Over the weekend, Shayna S, jrf, and I experienced various interpretations of Alice's story.  We watched Neco Z Alenky, possibly the most disturbing Alice movie we could have chosen.  The movie focuses mostly on (disturbing) images and does not feature as much conversation as the book.  The narration, even the dialogue of other characters, is all told by Alice, perhaps to reinforce that it is all inside Alice's head.  Her narration is very repetitive and childlike, while the movie is way too creepy for most children.  Of course, I do not doubt that a child could imagine extremely creepy things.

Reimaginings of Alice often do follow the "creepy" path.  Maybe the original is creepy and it's just less obvious because it's all text, but I read it when I was about nine (maybe I didn't understand it?) and generally think it functions well as a children's story.  I am writing this post as we watch the Disney version, which is similarly "innocent" to the original, but we just played some of American McGee's Alice video game, which features an older Alice, who is committed to an insane asylum, running around with a knife (and later a gun, I've been told).

I don't know exactly why people are often compelled to turn Alice into something that is not for children, but I think this can be relevant to the idea of making a "parody of a parody," since adaptations often take the story but twist it so it's even stranger.

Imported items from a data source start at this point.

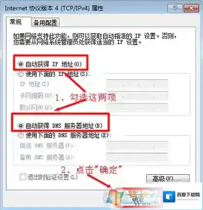 5、勾选“自动获得IP地址”和“自动获得DNS服务器地址”选项– 点击“确定”
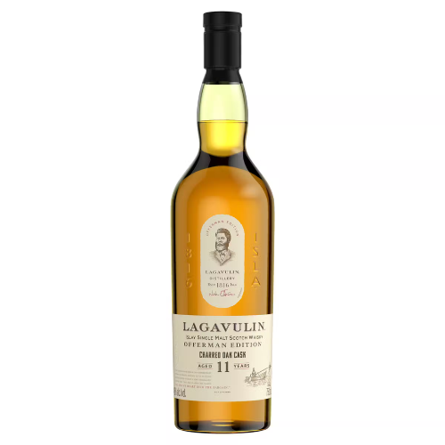 For their third limited release, Lagavulin and Nick Offerman crafted Lagavulin Offerman Edition Double Charred 11 Year Old Islay Single Malt Scotch Whisky as the perfect whisky to sip with the perfect steak. This Lagavulin Single Malt Scotch Whisky is matured for at least 11 years in heavily charred former bourbon and red wine barrels. The resulting flavor features hints of round red berries, a touch of briny saltiness, notes of vanilla, and the signature Lagavulin intense peat. Best enjoyed as Offerman intended, with a grilled medium-rare rib-eye steak - or any robust meal - either neat or on the rocks. Includes one 92 proof 750 mL bottle of Lagavulin Offerman Edition Double Charred 11 Year Old Islay Single Malt Scotch Whisky. Please drink responsibly.Taste: Hints of round red berries, a touch of briny saltiness, notes of vanilla, and the signature Lagavulin intense peat
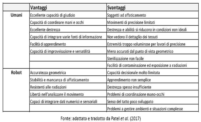 Di seguito una tabella in cui sono elencati i punti di forza e debolezza rispettivamente di umani e robot:
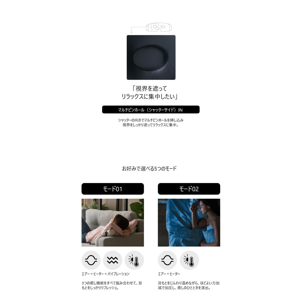 目のまわりをじんわりと温めて目もとからリラックスを促します。
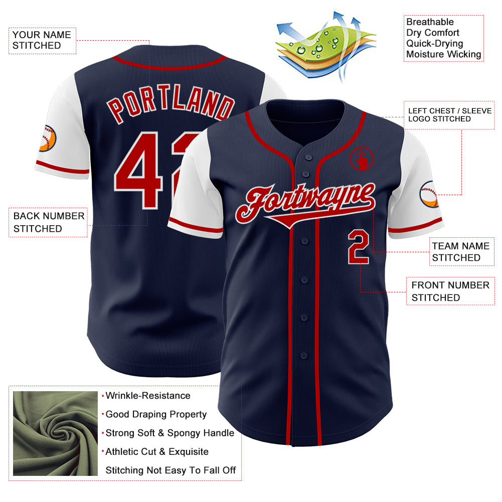 Custom Navy Red-White Authentic Two Tone Baseball Jersey
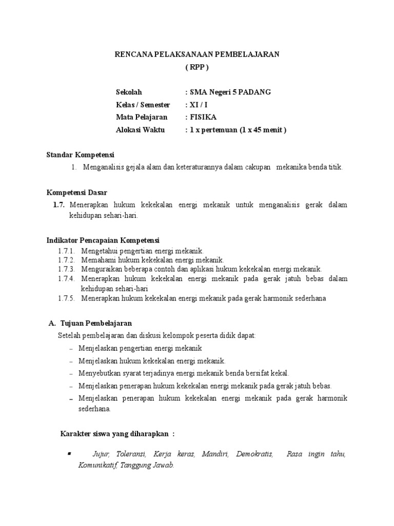 Pada kondisi tidak ada gaya non konservatif maka perubahan energi mekaniknya adalah nol. Em 1 em 2 ep 1 ek 1 ep 2 ek 2. Dengan kata lain jumlah energi potensial dan energi kinetik sistem sama di segala titik. Hukum kekekalan energi mekanik. Jika dalam suatu sistem berlaku hukum kekekalan energi mekanik maka energi mekanik sistem akan selalu tetap. Sehingga besar energi mekanik awal dan energi mekanik pada kondisi akhir besarnya sama konstan.
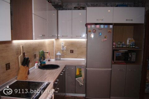 У меня на потолку 8 точечных светильников и по всей рабочей поверхности вот такая подсветочка, её установщики кухни делали! Ни каких массивных ламп только свет, при чём можно выбрать любой цветещё с права от холодильника приедут протянут, а то что то там темно
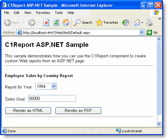 The example that follows is a simple ASP.NET page that allows users to enter some information and to select the type of report they want. Based on this, the ASP code creates a custom version of the NorthWind "Employee Sales by Country" report and presents it to the user in the selected format.
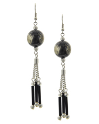 Wing / Feather Acrylic Metal Thread Dangle Tassel Earring Set
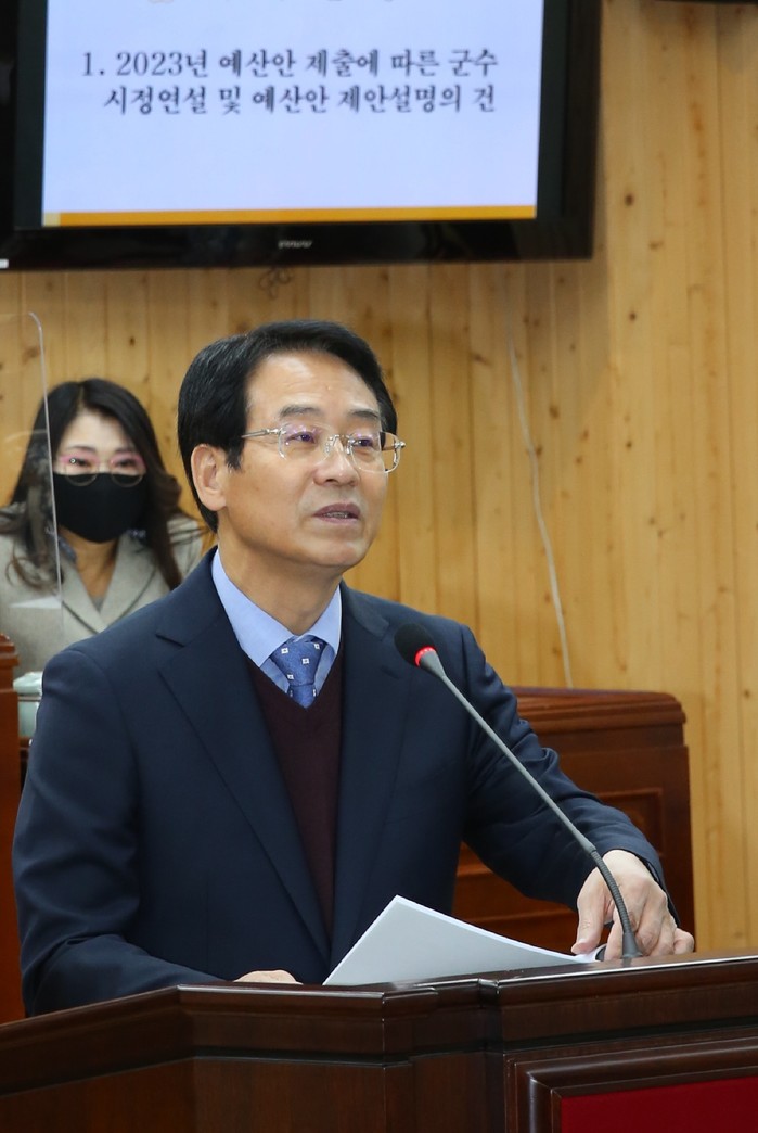 강진원 군수는 먼저“미래를 기반으로 현재를 설계하는 관점에서 책임감을 갖고 새해 살림살이를 준비했다”며 “예산은 단순한 숫자가 아니라, 군민의 생활을 책임지는 온기이며 미래에 대한 선제적 대처의 나침반”이라고 밝히며 군이 제출한 2023년도 예산 편성에 대해 강진군의회의 협조를 요청했다.

Also, White Rabbit by Jefferson Airplane is somewhat relavent, right?


TPB1988's picture

Sense out of Nonsense

I think you would like to see the movie version I saw jrf. I saw Phoebe in Wonderland and it definitely stayed with the nonsense theme in Alice. Characters from the book appear randomly in the movie and quote the book, the main character spits on people and says thing without reason or control, and sometimes people are just running in place.  At the end everyone realizes Pheobe was just sick similar to how Alice realized it was all a dream. I personally think it is a shame to try and make sense of Alice in Wonderland because it only changes what make the book so special and unique.

jrf's picture


I think it's interesting that several of the takeoffs on Alice that we've looked at (even the non-creepy ones) have moved towards what seems like a less nonsensical version of the same characters/events. Many of them make a coherent story out of what was a much more dreamlike and nonsensical sequence of events: in particular, American McGee's Alice and the new Tim Burton movie (as well as Hatter M, a graphic-novel adaptation of the Alice stories where the Hatter is a superpowered warrior who has to venture into the real world to rescue Alice) make the Red Queen into an evil totalitarian against whose rule (and evil playing-card soldiers) Alice must fight. Unlike the original books, these stories have (to varying degrees) narrative coherence, villains and heroes, and consequences that progress logically from protagonists' actions. This does seem to be the logical way to make a parody of a parody-- these adaptations do, in fact, take elements of the original Alice and twist them into something very different, by returning the characters in a nonsense story to conventional story-telling methods. I'm not sure how successful any of these attempts are, though (and at what? if parody is intended to point out the inherent absurdity in something, what does a parody of a parody accomplish?). I'm wondering too about why so many people seem "compelled to turn Alice into something that is not for children"-- does that count, too, as a form of parody by making the story more conventional?